There’s a word for people who’d sooner climb a mountain than help a fellow human being - “scum”. It’s got to the stage where there’s a story like this every few months. If conditions are so appalling at the top of Everest and similar peaks that a decision to leave a human being to die is even entertained, then a) additional supplies for such an eventuality should be packed as a matter of course, and if this means you aren’t strong enough to reach the peak, tough shit, and b) the decision to climb such a mountain in the first place should be cause for sectioning in a mental institute.

It’s not as if this is a universally accepted practice in the mountaineering community, either. The irony being Hilary had a lot more to lose than anyone climbing the mountain today.

I say let the mountaineering community sort it out themselves. We are not, ourselves, going to be affected by ethical standards at the top of Everest.

It seems to me that most climbers are happy to live with the risk of not being helped.
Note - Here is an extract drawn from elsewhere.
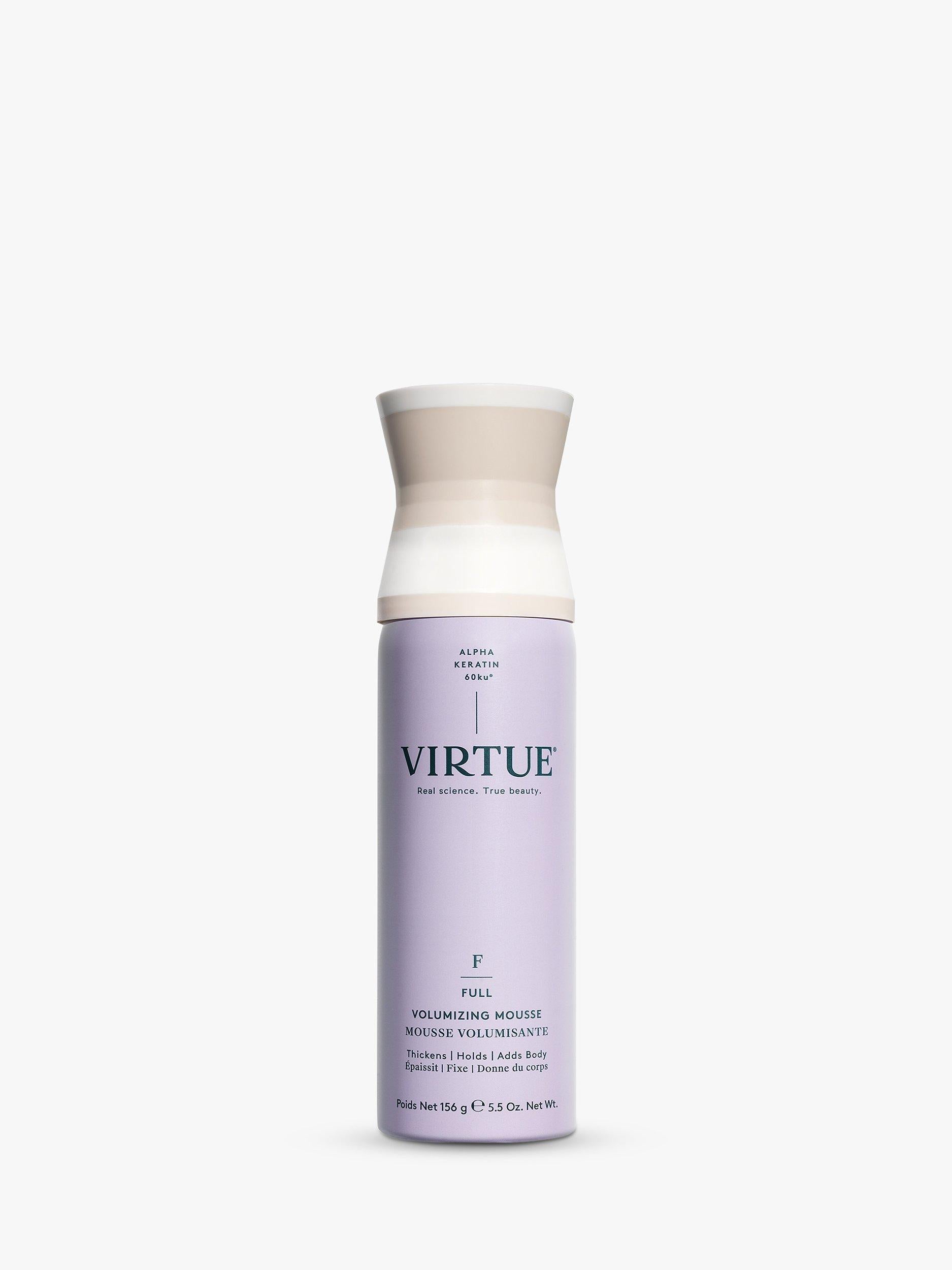 Virtue® Volumizing Mousse instantly thickens hair, adds body, bounce, and flexible hold for a long-lasting style.

It’s not for the rest of us to judge.

Leaving her there was one hell of a way of setting a fresh food cache.

One way to look at this is your first responsibility is your personal safety, you are not under any obligation to put yourself in a life and death situation way to rescue another. ANY rescue at that altitude and conditions IS putting yourself in such a situation.

As for having the resources for the summit attempt, why not, your there already, may as well go on.

I think I’ve pretty much beaten this to death, and I don’t follow racing, but since it’s the Indy 500 weekend…I don’t actually recall other drivers stopping to help when a fellow racer crashes. It seems to be considered part of the risk and the rest simply continue jockeying for position under a set of flag rules or something which has been previously agreed upon.

The rescue efforts are undertaken by outside agencies set up in advance, understood in advance, and specifically designed to minimize risk. If they were not in place, it’s entirely possible some drivers would choose not to race. All racers are part of a larger organization, and racing is undertaken in the context of that. It is not considered unkosher, as far as I know, to continue racing rather than stopping to help…

In the case of Everest climbers, individuals and teams are there to pit themselves against the mountain. Some choose to stop and help others; some choose to be responsible only for themselves. All have made the decision to risk their lives for the goal of summiting. They are under no obligation to have risked their life in pursuit of a goal only to have that opportunity discarded for the sake of someone else who did not solicit their prior agreement to be there. From what I have read of Everest in particular, there are many marginally competent climbers and it is a source of frustration for competent ones to have their expeditions risked by amateurs who don’t belong there.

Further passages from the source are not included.